Exploring Temporal Dynamics in Event-based Eye Tracker

TL;DR

TDTracker addresses the challenge of high-speed eye tracking with event cameras by explicitly modeling long-term and short-term temporal dynamics. It combines ITD via 3D convolutions on a Binary Map representation with ETD that cascades FFT-based frequency processing, GRU, and Mamba to capture rich temporal dependencies, followed by heatmap-based coordinate regression trained with KL divergence. The method achieves state-of-the-art performance on SEET and places third in the CVPR 2025 Event-Based Eye Tracking Challenge, while maintaining favorable computational efficiency. The work highlights the importance of accurate temporal representation and heatmap regression for robust, low-latency gaze estimation in dynamic, low-power wearable scenarios.

Abstract

Eye-tracking is a vital technology for human-computer interaction, especially in wearable devices such as AR, VR, and XR. The realization of high-speed and high-precision eye-tracking using frame-based image sensors is constrained by their limited temporal resolution, which impairs the accurate capture of rapid ocular dynamics, such as saccades and blinks. Event cameras, inspired by biological vision systems, are capable of perceiving eye movements with extremely low power consumption and ultra-high temporal resolution. This makes them a promising solution for achieving high-speed, high-precision tracking with rich temporal dynamics. In this paper, we propose TDTracker, an effective eye-tracking framework that captures rapid eye movements by thoroughly modeling temporal dynamics from both implicit and explicit perspectives. TDTracker utilizes 3D convolutional neural networks to capture implicit short-term temporal dynamics and employs a cascaded structure consisting of a Frequency-aware Module, GRU, and Mamba to extract explicit long-term temporal dynamics. Ultimately, a prediction heatmap is used for eye coordinate regression. Experimental results demonstrate that TDTracker achieves state-of-the-art (SOTA) performance on the synthetic SEET dataset and secured Third place in the CVPR event-based eye-tracking challenge 2025. Our code is available at https://github.com/rhwxmx/TDTracker.

Paper Structure

This paper contains 22 sections, 16 equations, 4 figures, 4 tables.

Figures (4)

  • Figure 1: The architecture of TDTracker. TDTracker primarily comprises two components, Implicit Temporal Dynamic (ITD) and Explicit Temporal Dynamic (ETD), with a structure featuring three ITD components to ensure effective feature abstraction.

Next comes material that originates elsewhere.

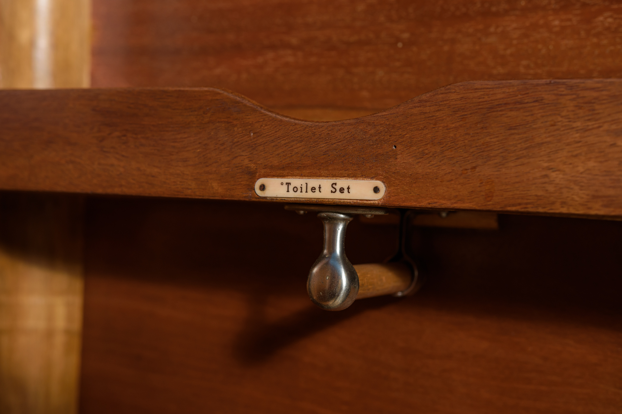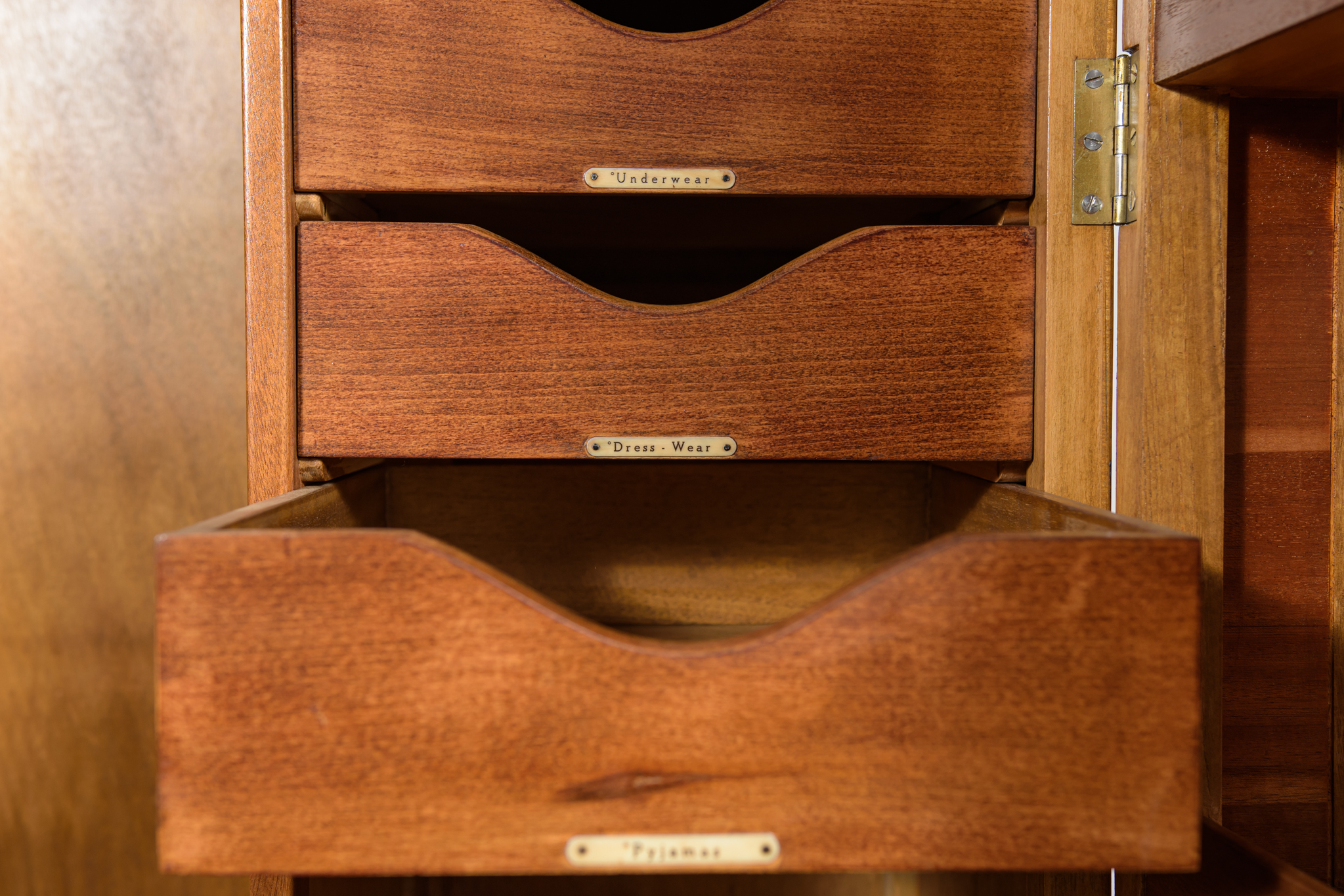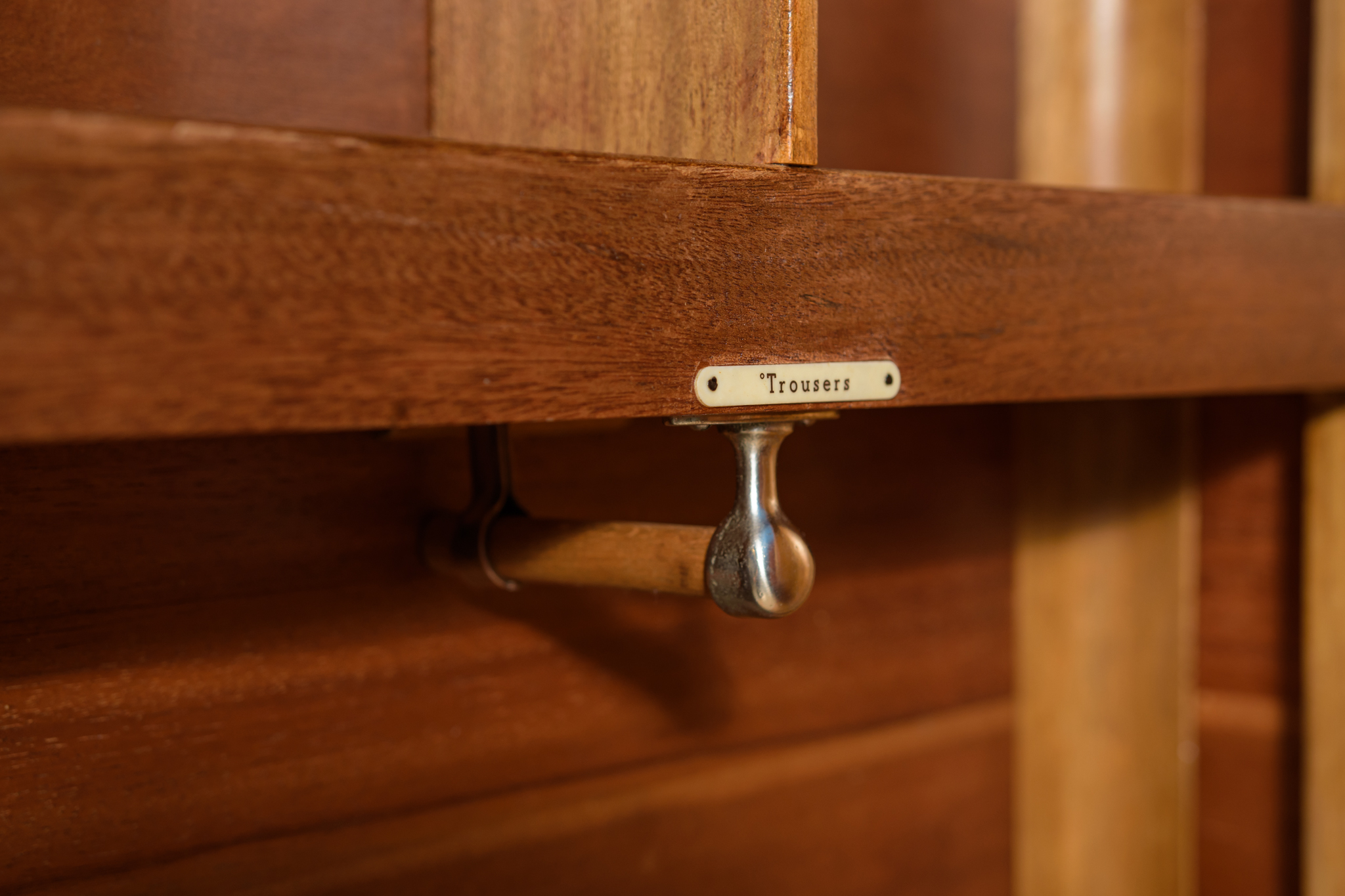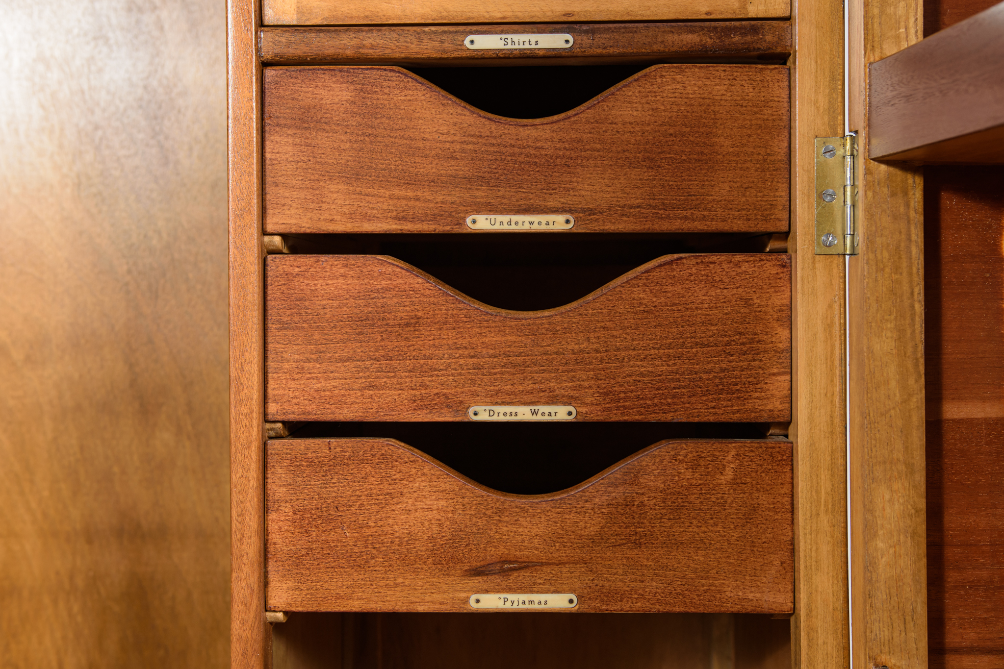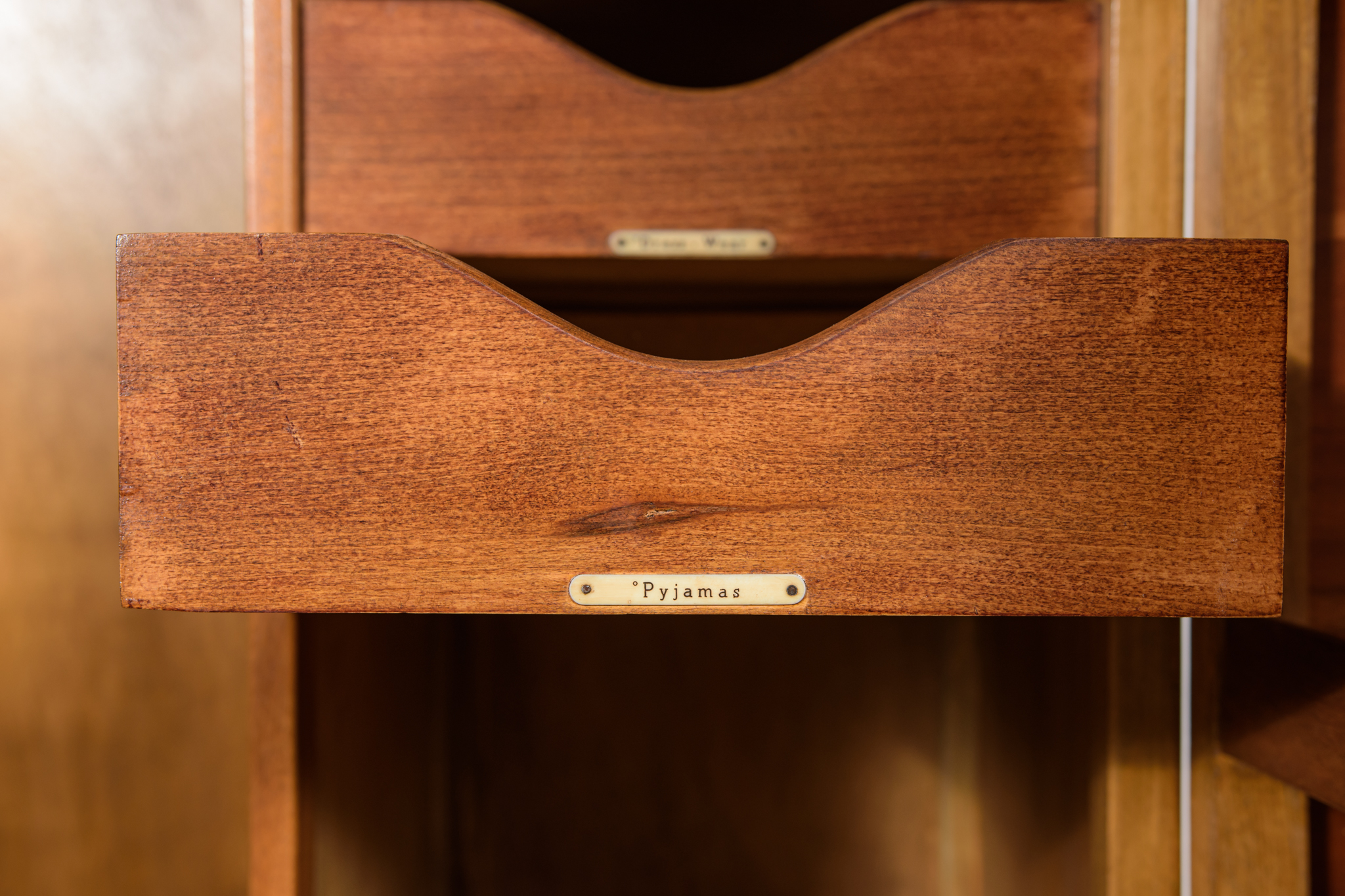 Dębowa szafa w stylu art deco, wyprodukowana przez brytyjską manufakturę Fitrobe około lat 30. XX wieku. Szafa o eleganckich obłych kształtach, posiada piękne, funkcjonalne wnętrza z angielskimi oznaczeniami z epoki. Mebel przeszedł kompleksową renowację. Drewno dębowe zostało wyczyszczony ze starej powierzchni, barwione bejcą dębową, wykończona wysokogatunkowym olejem duńskim.

It employs a cascaded architecture of three distinct time series models to comprehensively capture temporal information.
  • Figure 2: The visualization heatmap generated by the TDTracker.
  • Figure 3: The visualization results of the TDTracker. The green dot in the figure stands for the Ground Truth label and the yellow dot is the prediction results genetated by TDTracker.
  • Figure 4: The visualization trajectory comparison between the Ground Truth label and the prediction results gererated by the TDTracker.